Glenn Greenwald in the dust-bin

If you were wondering where the link to Glenn Greenwald's blog on salon.com on the top left column of this page went, I deliberately erased it. Why?

The Supreme Court in a 5-4 decision overturned over 100 years of jurisprudence and struck down all limits on corporate spending on political campaigns. Glenn Greenwald supports that decision, which is fine by me. The basis of his reasoning is that the Bill of Rights, and specifically the First Amendment is absolute: either a law is consonant with the strict letter of the Constitution or it is not. Since
Congress shall make no law respecting an establishment of religion, or prohibiting the free exercise thereof; or abridging the freedom of speech, or of the press; or the right of the people peaceably to assemble, and to petition the Government for a redress of grievances.
there are no limits to free speech, and the Supreme Court decision is right. (There is more, on whether money is equivalent to speech, and whether corporations, but these are really digressions from the real issue).

Again, so far, no complaints.

My view is different: the Bill of Rights does nothing to handle the competing claims against it. For instance, can the Muslim call for prayers be done over loudspeakers, as it is done in India? What about the right of people to a reasonable expectation of quiet? Do school students have unlimited free speech? What about school discipline? (The Supreme Court has upheld limits on students' rights on these very grounds.) The only way to balance these competing incompatible claims is to look at the outcomes and to decide which one is acceptable by contemporary standards and that is beneficient to society. The Congress has the task of making such choices (the courts can review them).

Glenn Greenwald does not accept this reasoning as even a legitimate point of view that we can agree to disagree on. For him only the absolutist reasoning is legitimate. As per him, those of us who share my reasoning are for the Constitution when it supports what we want and against it when it goes against us. His stance reminds me of that of the Islamic fundamentalist, to whom those who don't agree with him is munafiq.
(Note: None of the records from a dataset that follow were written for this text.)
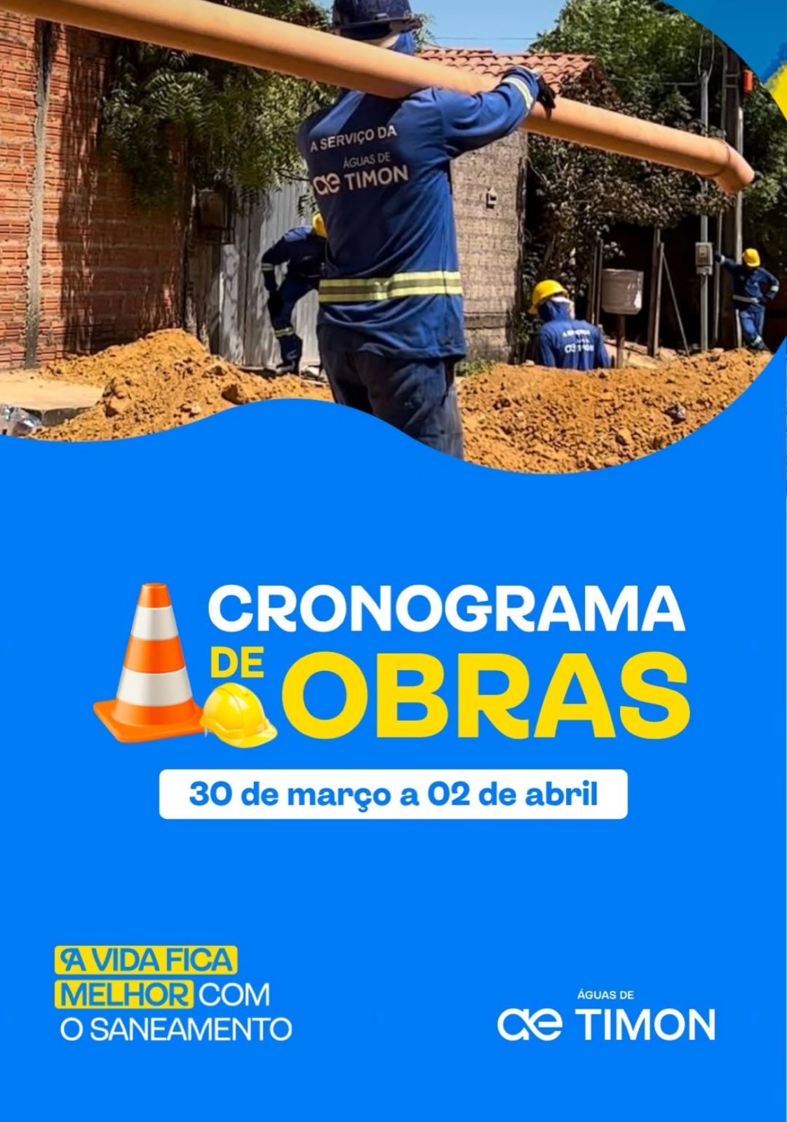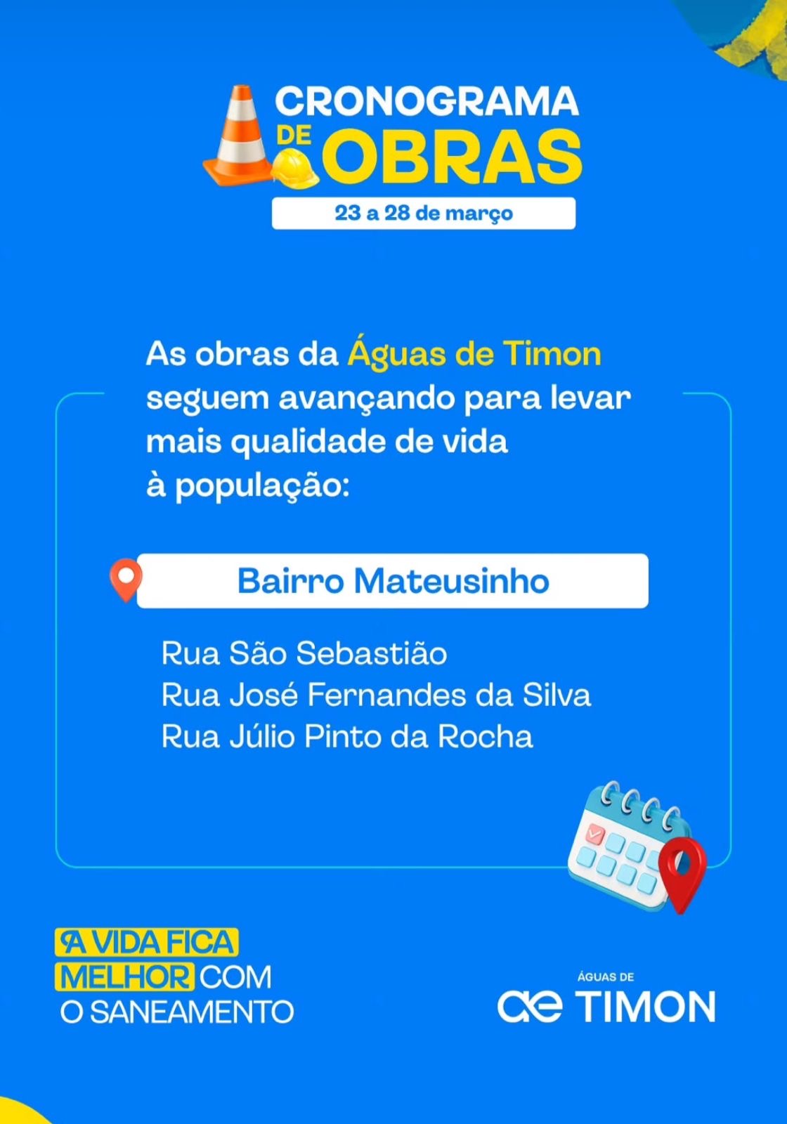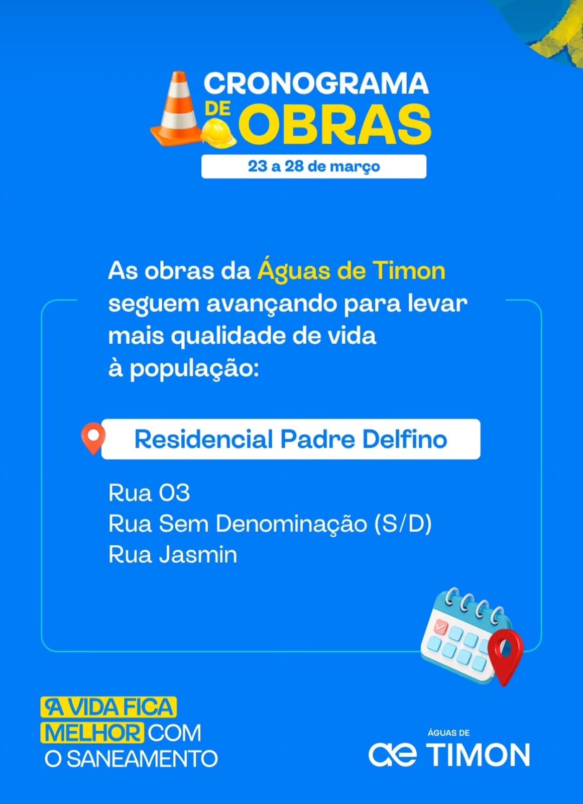 As obras de ampliação da rede de esgotamento sanitário continuam em Timon e, nesta semana, os serviços se concentram em ruas do Residencial Padre Delfino e do bairro Mateusinho. As intervenções acontecem entre os dias 30 de março e 2 de abril.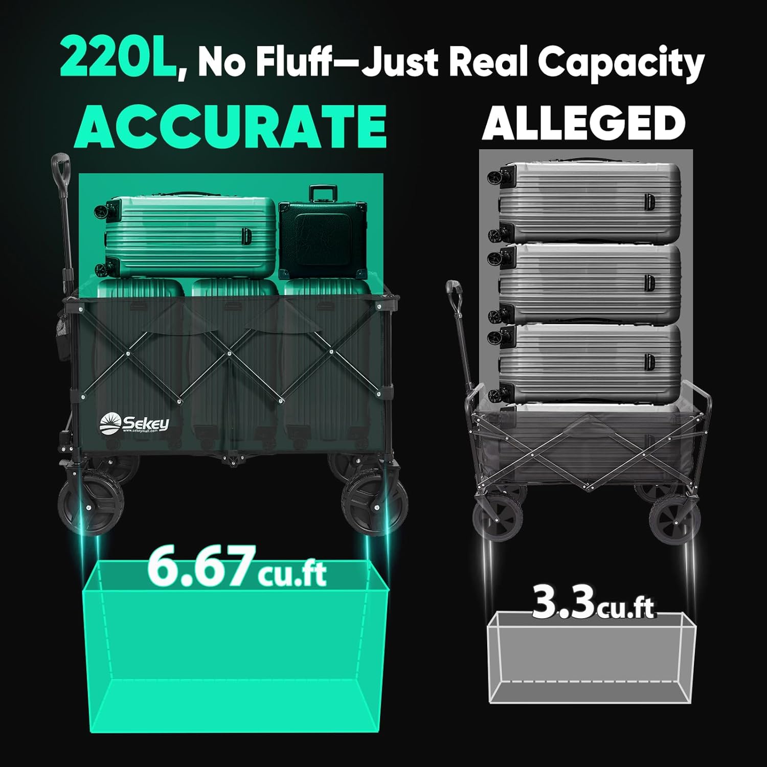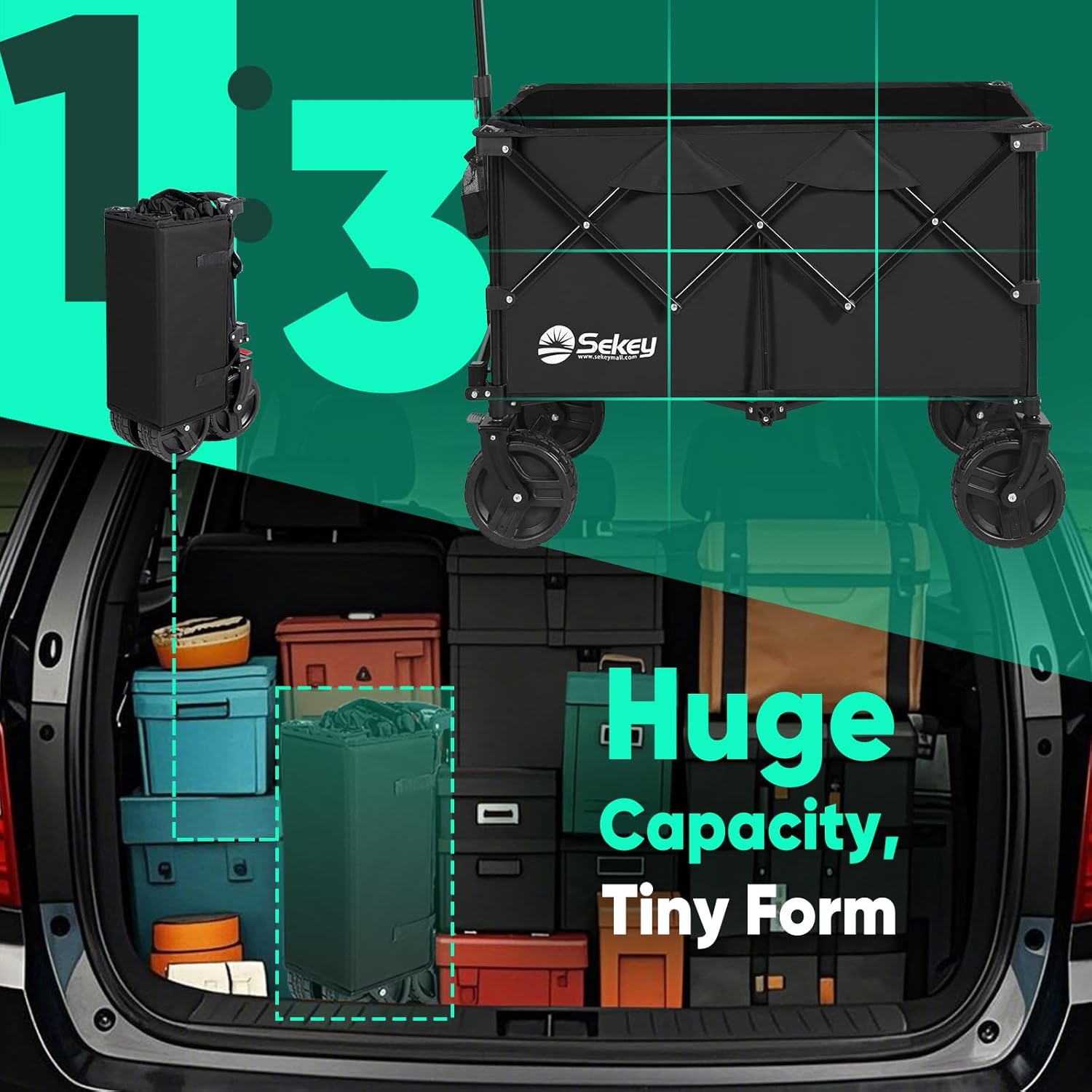 - 【𝐆𝐨 𝐀𝐧𝐲𝐰𝐡𝐞𝐫𝐞 𝐖𝐡𝐞𝐞𝐥𝐬】: Featuring 𝟖" 𝐝𝐢𝐚𝐦𝐞𝐭𝐞𝐫 𝐰𝐡𝐞𝐞𝐥𝐬 𝐚𝐧𝐝 𝟑" 𝐰𝐢𝐝𝐞 𝐭𝐫𝐞𝐚𝐝𝐬, Sekey wagon glides effortlessly over sand and rough terrain. The 𝐚𝐧𝐭𝐢-𝐬𝐥𝐢𝐩 𝐫𝐮𝐛𝐛𝐞𝐫 strip enhances traction and reduces vibrations, while the 𝐛𝐮𝐢𝐥𝐭-𝐢𝐧 𝐛𝐫𝐚𝐤𝐞𝐬 provide reliable stopping power wherever you go.
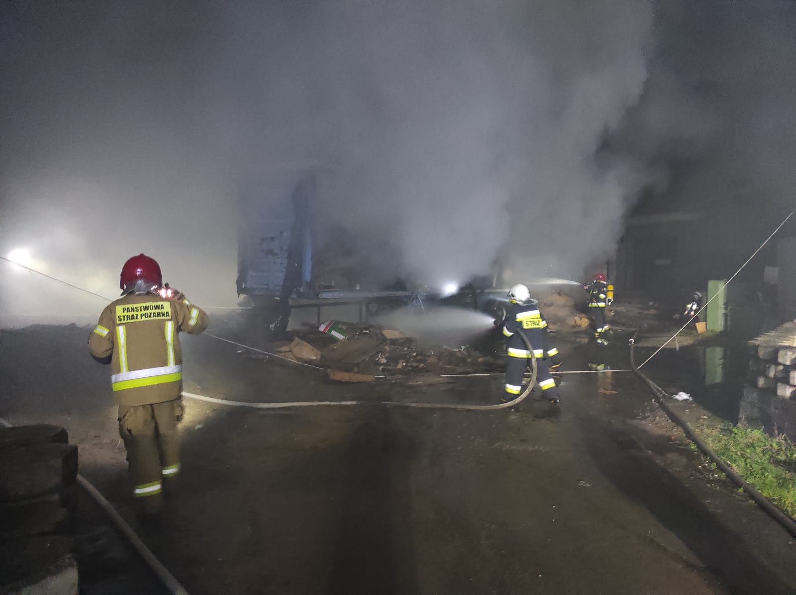 16 października 2020 roku o godzinie 21:16 dyżurny stanowiska kierowania Komendanta Powiatowego PSP w Bytowie przyjął zgłoszenie o pożarze naczepy samochodu ciężarowego w pobliżu budynków fabryki mebli.

I can understand the absolutist point of view, its fear of slippery slopes - if we yield an inch to the Congress, it will take a mile. To absolutists, rights (as in the text of the Constitution) are given sacred text, rather than conventions the Founding Fathers engineered precisely by considering (the historical experience of) the outcomes of not following the conventions, the outcome of judicial decisions is not important, all that matters is the adherence to text. I happily agree that when we have no good guide, then following the text strictly may be the best thing to do. But the century-plus of legislation on this issue arose precisely because following the text strictly didn't work; and there is a century worth of just-as-distinguished justices who did not find this legislation to be abridging the First Amendment.

I don't support fundamentalists of any type, and Greenwald's recent articles establish him to be one, by my way of thinking. Hence the move to the trash.